= Père Dagobert =

Capuchin monk

Father Dagobert de Longuory (a.k.a. Père Dagobert) was a Capuchin friar who arrived in New Orleans from Quebec in 1722. In 1745, he became priest of the Parish Church of St. Louis (dedicated as a Cathedral in 1794) and later was appointed as vicar general of the diocese. He was active regionally for over 50 years and died in 1776.

While largely overlooked today, his contributions to New Orleans and its people are significant and enduring. One finds numerous references to him in historical accounts of 18th-century New Orleans, and despite sometimes conflicting information, it is agreed by the majority of historians that he was a seminal figure in the spiritual and social life of the city.

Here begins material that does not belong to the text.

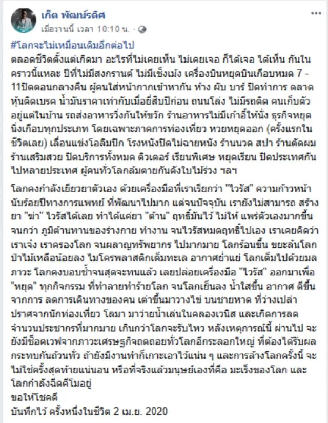 เป็นเรื่องราวของผู้ใช้เฟสบุ๊คชื่อว่า เก็ต พัฒน์รดิศ ซึ่งโพสต์ดังกล่าวเราได้เห็นภาพชัดเจนมาก โดยได้โพสต์ข้อความระบุว่า โลกจะไม่เหมือนเดิมอีกต่อไป ตลอดชีวิตตั้งแต่เกิดมา อะไรที่ไม่เคยเห็น ไม่เคยเจอ ก็ได้เจอ ได้เห็น กันในคราวนี้แหละ ปีที่ไม่มีสงกรานต์ ไม่มีเช็งเม้ง เครื่องบินหยุดบินเกือบหมด 7 11 ปิดตอนกลางคืน ผู้คนใส่หน้ากากเข้าหากัน ห้าง ผับ บาร์ ปิดทำการ ตลาดหุ้นติดเบรค น้ำมันราคาเท่ากับเมื่อยี่สิบปีก่อน ถนนโล่ง ไม่มีรถติด คนเก็บตัวอยู่แต่ในบ้าน รถส่งอาหารวิ่งกันให้ขวัก ร้านอาหารไม่มีเก้าอี้ให้นั่ง ธุรกิจหยุดนิ่งเกือบทุกประเภท โดยเฉพาะภาคการท่องเที่ยว หวยหยุดออก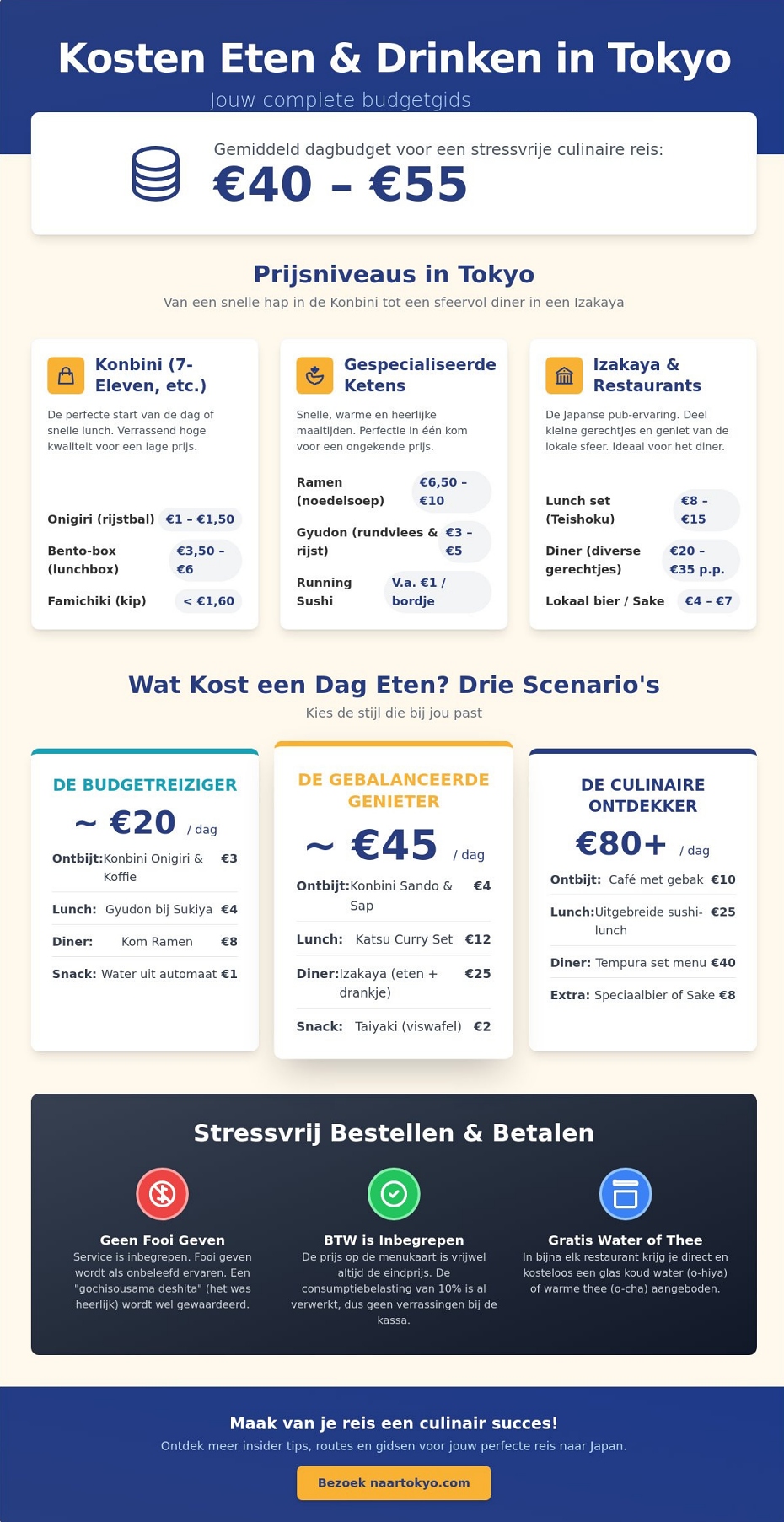 Ik geef je in dit artikel direct inzicht in wat je écht uitgeeft, van de handige konbini (7-eleven, Lawson en Family Mart) en tot de intieme izakaya. Ik beloof je dat je na het lezen precies weet hoe je met een realistisch dagbudget van ongeveer €40 tot €55 stressvrij kunt genieten. We kijken naar de beste prijs-kwaliteitverhouding en ik deel mijn persoonlijke ervaringen om zelfverzekerd elk restaurant binnen te stappen.

Following are some themes that reoccur throughout historical documents.

He was:
- Regarded as a great champion of the poor, and beloved by the people of New Orleans
- Praised for his kindness and love of the people of New Orleans, and their customs.
- A little "rotund" and described as "jolly."
- A great lover of food and wine, and was even described as a "gastronome."
- Criticized by the Spanish clergy for being too lax with regard to Catholic ritual.
- Non-traditional in that he wore a tricorn hat and other non-sanctioned garb.
- Noted for celebrating births and marriages at homes of his parishioners, and even frequented taverns.
- In charge of Charity Hospital for 8 years in the 1750s
- Quite famous regionally and even somewhat nationally well into the 20th century.

The consensus in historical texts is that his substantial political and social influence came, in large part, from his popularity.